> Problem requirements
Transcribe the entries below exactly, starting with the line that has "Cards are randomly" and stopping after the line that has "MT-KEY Funk Schlüssel"; no pictures belong in the copy.

> Records provided
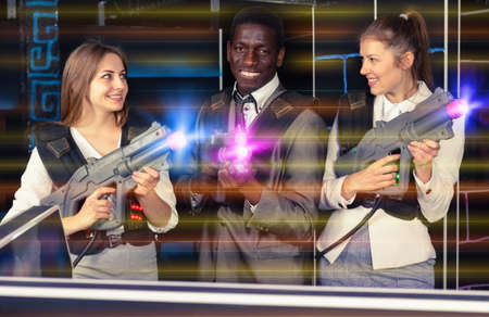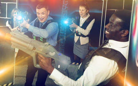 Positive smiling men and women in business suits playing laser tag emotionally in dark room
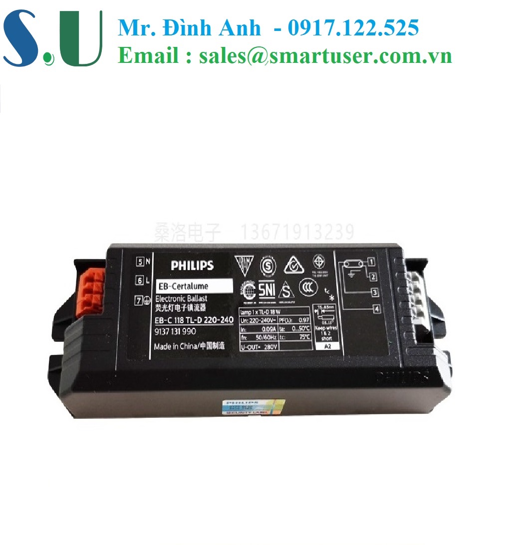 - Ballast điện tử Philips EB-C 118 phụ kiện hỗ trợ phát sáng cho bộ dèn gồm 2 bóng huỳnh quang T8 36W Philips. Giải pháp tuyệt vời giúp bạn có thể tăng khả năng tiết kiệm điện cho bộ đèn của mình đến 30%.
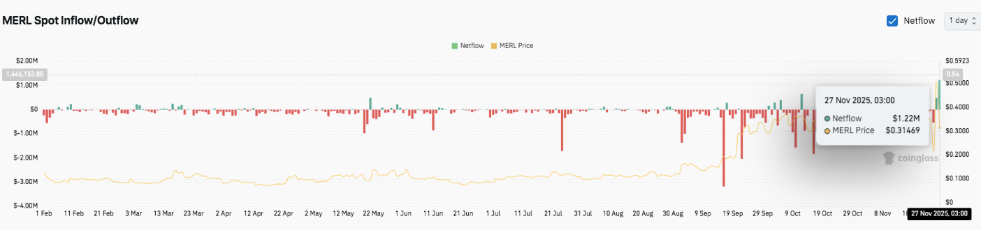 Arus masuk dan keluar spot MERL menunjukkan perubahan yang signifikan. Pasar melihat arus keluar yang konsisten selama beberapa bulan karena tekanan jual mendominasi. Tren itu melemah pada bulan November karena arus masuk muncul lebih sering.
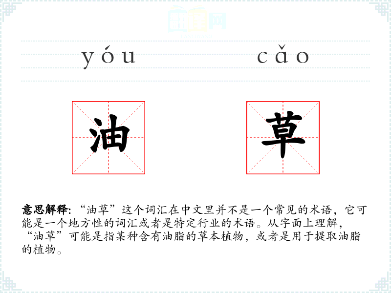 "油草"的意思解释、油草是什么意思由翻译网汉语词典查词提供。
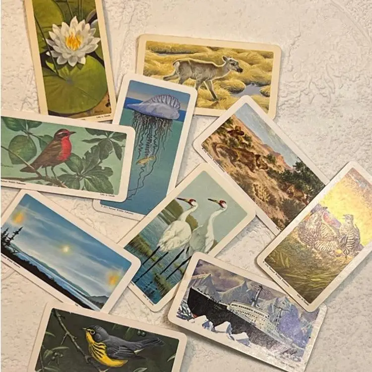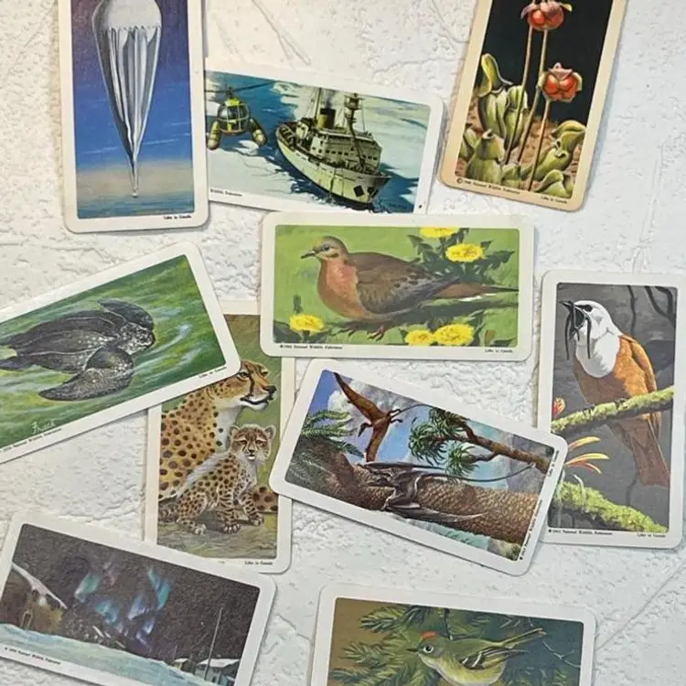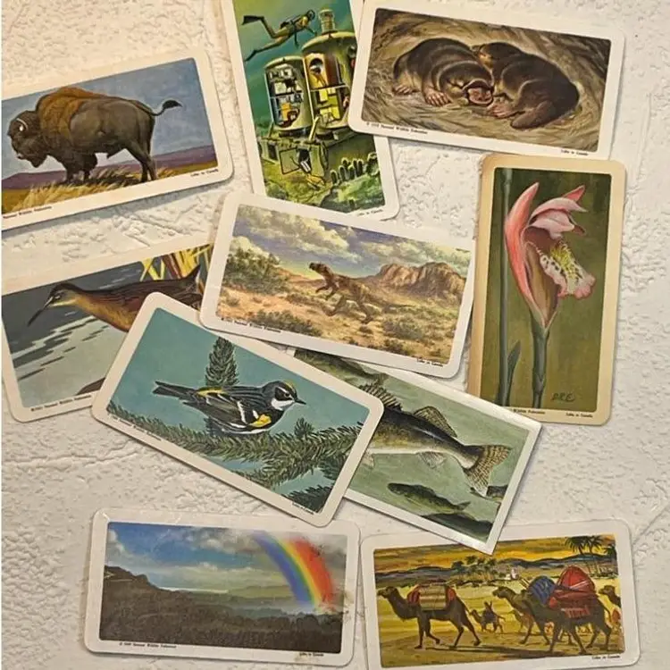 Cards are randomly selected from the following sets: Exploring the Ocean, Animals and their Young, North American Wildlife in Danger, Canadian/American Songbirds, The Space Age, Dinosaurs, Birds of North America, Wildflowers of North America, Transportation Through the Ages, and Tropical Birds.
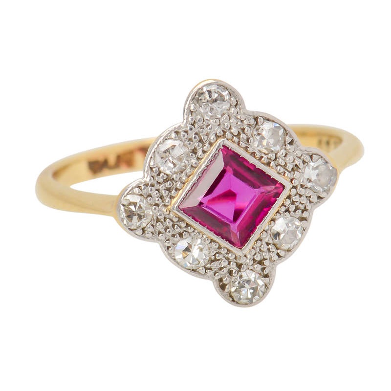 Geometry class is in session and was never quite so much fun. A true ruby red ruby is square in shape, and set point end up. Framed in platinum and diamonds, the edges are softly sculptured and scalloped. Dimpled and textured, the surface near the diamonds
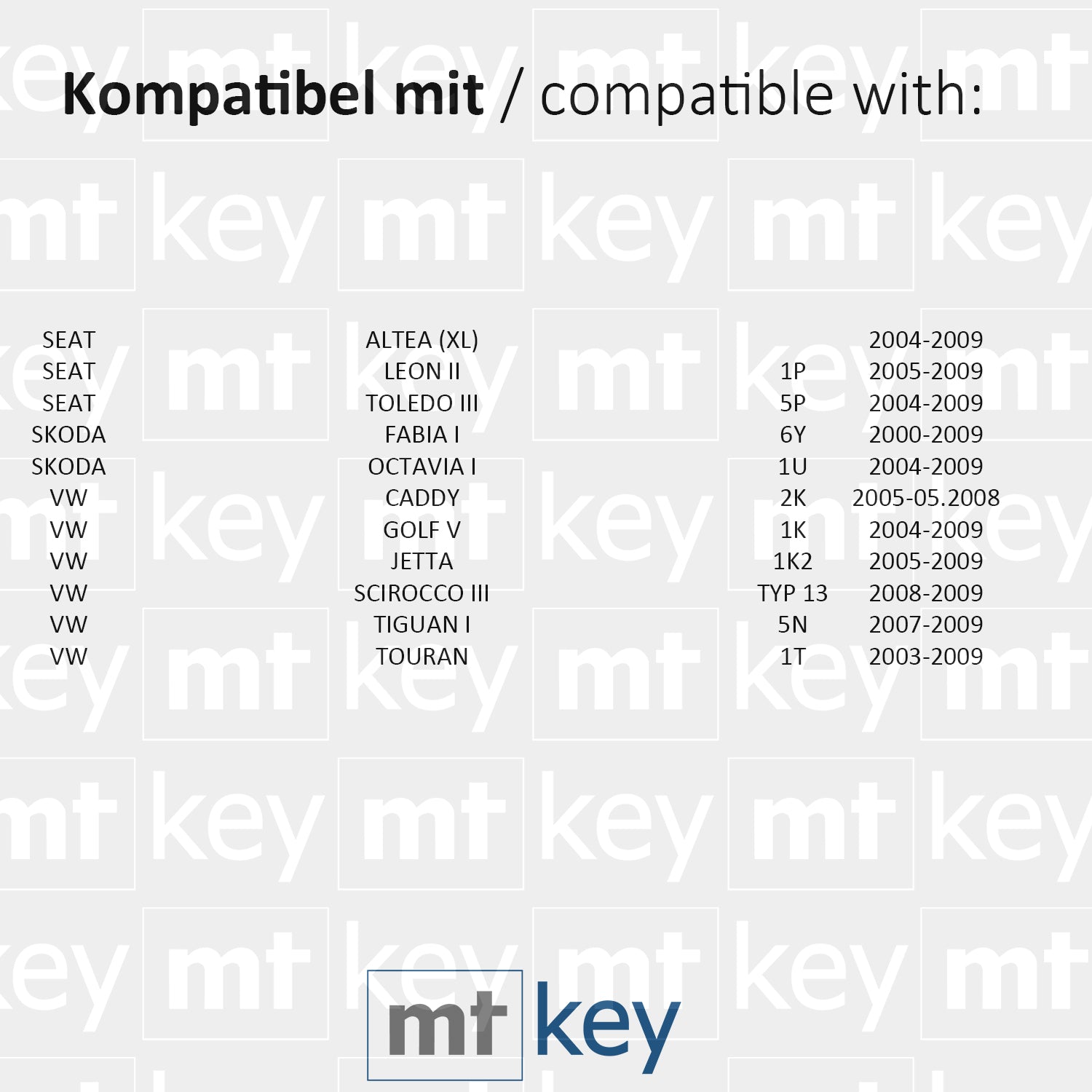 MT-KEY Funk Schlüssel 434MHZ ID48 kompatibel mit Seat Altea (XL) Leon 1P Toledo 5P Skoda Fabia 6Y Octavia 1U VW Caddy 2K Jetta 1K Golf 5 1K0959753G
--
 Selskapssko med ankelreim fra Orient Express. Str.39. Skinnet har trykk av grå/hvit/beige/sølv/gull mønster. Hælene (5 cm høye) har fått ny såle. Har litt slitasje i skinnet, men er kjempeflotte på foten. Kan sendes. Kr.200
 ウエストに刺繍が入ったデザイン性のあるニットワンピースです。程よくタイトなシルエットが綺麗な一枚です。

> Result for this exercise
 Cards are randomly selected from the following sets: Exploring the Ocean, Animals and their Young, North American Wildlife in Danger, Canadian/American Songbirds, The Space Age, Dinosaurs, Birds of North America, Wildflowers of North America, Transportation Through the Ages, and Tropical Birds.
 Geometry class is in session and was never quite so much fun. A true ruby red ruby is square in shape, and set point end up. Framed in platinum and diamonds, the edges are softly sculptured and scalloped. Dimpled and textured, the surface near the diamonds
 MT-KEY Funk Schlüssel 434MHZ ID48 kompatibel mit Seat Altea (XL) Leon 1P Toledo 5P Skoda Fabia 6Y Octavia 1U VW Caddy 2K Jetta 1K Golf 5 1K0959753G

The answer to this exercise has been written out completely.